Por Luciana Magalhaes
SÃO PAULO, 26 Jul (Reuters) - O presidente Luiz Inácio Lula da Silva classificou as novas tarifas de importação dos Estados Unidos como injustas e um erro estratégico em um artigo de opinião publicado neste domingo no jornal The Washington Post.
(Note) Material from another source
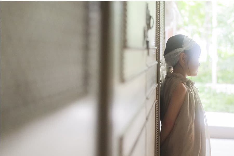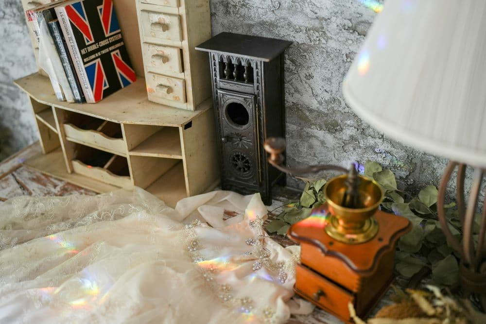 優しい自然光と本物のドライフラワーで、さまざまな表情の写真を撮影。

No texto, Lula diz que as sobretaxas prejudicarão a parceria bilateral entre os países e elevarão os custos para os consumidores norte-americanos.
“Este mês, desconsiderando dezenas de reuniões entre nossas equipes, sólidos argumentos técnicos e documentos que entreguei pessoalmente ao próprio Trump, o governo norte-americano decidiu adotar novas tarifas contra o Brasil que vão de 12,5% a 37,5%”, escreveu Lula no artigo.
As novas tarifas vieram após a decisão da Suprema Corte dos EUA de revogar sobretaxa de 50% imposta no ano passado, observou Lula, acrescentando que alimentos, calçados, têxteis, móveis, peças automotivas e muitos outros produtos ficarão mais caros para os consumidores norte-americanos.
A Embaixada dos EUA no Brasil não respondeu de imediato a um pedido da Reuters para comentário sobre o artigo.
Lula também citou a Global Trade Alert, uma organização independente com sede na Suíça, que afirma que o Brasil e a Turquia são agora os segundos países mais fortemente onerados por tarifas pelos EUA, ficando atrás apenas da China.
Isso apesar do superávit comercial dos EUA com o Brasil em bens e serviços, que totalizou US$428 bilhões ao longo de 15 anos consecutivos, disse Lula.
No artigo de opinião, publicado um dia após o aliado de Trump e candidato conservador à presidência, Flávio Bolsonaro, ter lançado sua campanha, Lula observou que as exportações brasileiras para os EUA atingiram o nível mais baixo desde 1997.
“No médio prazo, essas tarifas vão levar à desorganização de cadeias produtivas que hoje se encontram densamente integradas e as empresas brasileiras vão substituir fornecedores norte-americanos por outros parceiros”, afirmou Lula.
O Brasil está aberto a um diálogo construtivo com os EUA, disse Lula, mas o país deve decidir seu próprio futuro.
“O destino do Brasil compete apenas aos brasileiros, sem interferência externa, nem subserviência”, disse Lula.